我有一个像下面的df1,我想检查df2中某些列的所有值是否在df1最大值和最小值之间。如果是的话,我想从该索引的名称栏中给出值。如果df2值不在这些值之间,我想看看它是大于还是小于df1最大值或最小值。
data = {'Name': ['MN1', 'MN2', 'MN3', 'MN4', 'MN5', 'MN6', 'MN7-8', 'MN9', 'MN10', 'MN11', 'MN12', 'MN13', 'MN14', 'MN15', 'MN16','MN17', 'MQ18', 'MQ19'],
'MAX': [23, 21.7, 19.5, 17.2, 16.4, 14.2, 12.85, 11.2, 9.9, 8.9, 7.6, 7.1, 5.3, 5, 3.55, 2.5, 1.9, 0.85],
'MIN':[21.7, 19.5, 17.2, 16.4, 14.2, 12.85, 11.2, 9.9, 8.9, 7.6, 7.1, 5.3, 5, 3.55, 2.5, 1.9, 0.85, 0.01]
}
df1 = pd.DataFrame (data, columns = ['Name','MAX','MIN'])
我尝试过:
list = []
for i in df2['AVERAGE_AGE']:
for index, row in df1.iterrows():
if row['MAX'] >= i and row['MIN'] < i:
list.append(row['Name'])
if i > df1['MAX'].max():
list.append("Postmn")
elif i < df1['MIN'].min():
list.append("Premn")
df2['MNname'] = list
这需要很长时间,并且列表长度与df2的长度不匹配
答案 0 :(得分:0)
您可以尝试
(df2['AVERAGE_AGE'] < df1['MIN'].min()).value_counts()

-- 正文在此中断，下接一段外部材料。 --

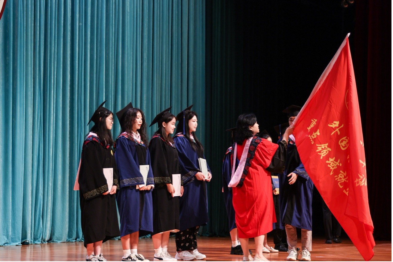 典礼的最后一项,也是最隆重的一项内容——拨穗礼。拨穗正冠,代表稻穗的成熟,更象征着同学们满满的收获与成就。院长陈明教授、院党委书记李淑静教授、副院长付志明教授、王丹教授为同学们拨穗。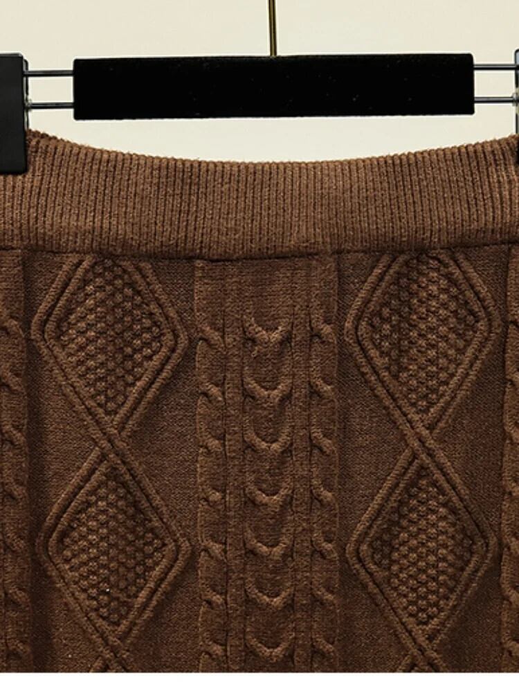 Smthma Nieuwe Mode Herfst Winter Warm Dik Gebreide Damesrokken Elastische Hoge Taille A-Lijn Vrouwelijke sexy Geometrische Patronen Rokken ウィンター 冬物 | two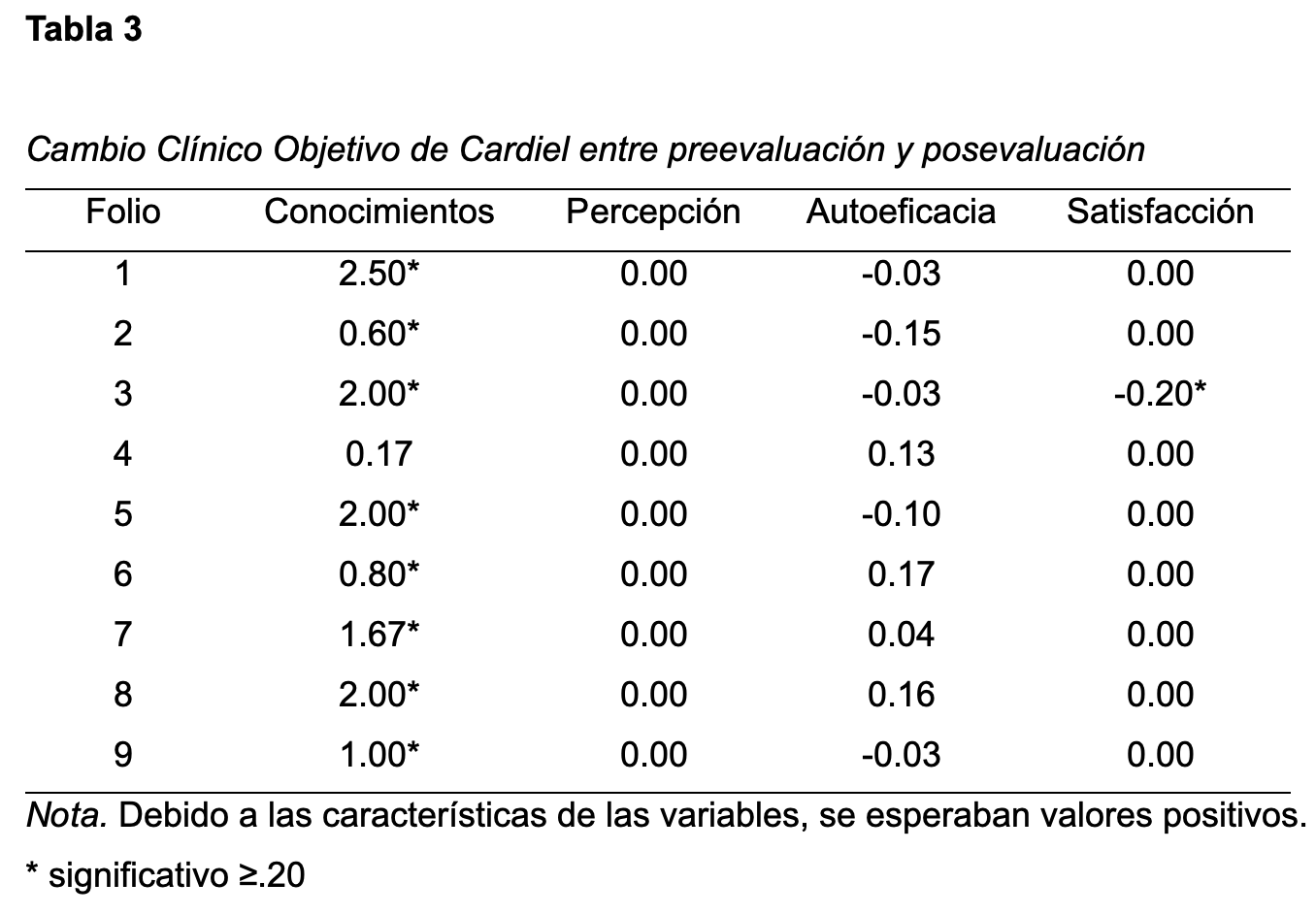 Respecto al Cambio Clínico Objetivo de Cardiel (Tabla 3), se obtuvieron cambios clínicamente significativos en los conocimientos entre el pre y el post en ocho de los nueve participantes, mientras que en satisfacción se obtuvo un valor de -.20 lo que indica que, en el participante tres, se presentó un cambio significativo en dirección opuesta a la esperada.

(df2['AVERAGE_AGE'] > df1['MAX'].max()).value_counts()
这将通过给出True和False的计数来告诉您满足条件的行数。
答案 1 :(得分:0)
您可以循环使用第一个数据框,并使用pandas.DataFrame.loc为第二个数据集设置名称:
>>> df2 = pd.DataFrame([
... 2.299367, 20.688943, 10.245027, 1.412258, 22.541987,
... 2.588420, 5.578598, 11.703629, 12.529066, 17.769196,
... ], columns=['AVERAGE_AGE'])
>>> for index, row in df1.iterrows():
... df2.loc[(df2.AVERAGE_AGE>=row.MIN) & (df2.AVERAGE_AGE<row.MAX),'Name'] = row.Name
...
>>> df2
AVERAGE_AGE Name
0 2.299367 MN17
1 20.688943 MN2
2 10.245027 MN9
3 1.412258 MQ18
4 22.541987 MN1
5 2.588420 MN16
6 5.578598 MN13
7 11.703629 MN7-8
8 12.529066 MN7-8
9 17.769196 MN3
答案 2 :(得分:0)
尝试一下:
arr = []
for i in range(df2.shape[0]):
# Check if the value in COLUMN_1 is between MIN and MAX value
if ((df2['COLUMN_1'][i] > df1['MIN'][i]) and df2['COLUMN_1'][i] < df1['MAX'][i]):
arr.append(df1['Name'][i])
# Check if value in COLUMN_1 is less than Minimum value
elif (df2['COLUMN_1'][i] < df1['MIN'][i]):
arr.append(np.round(df2['COLUMN_1'][i] - df1['MIN'][i], 2))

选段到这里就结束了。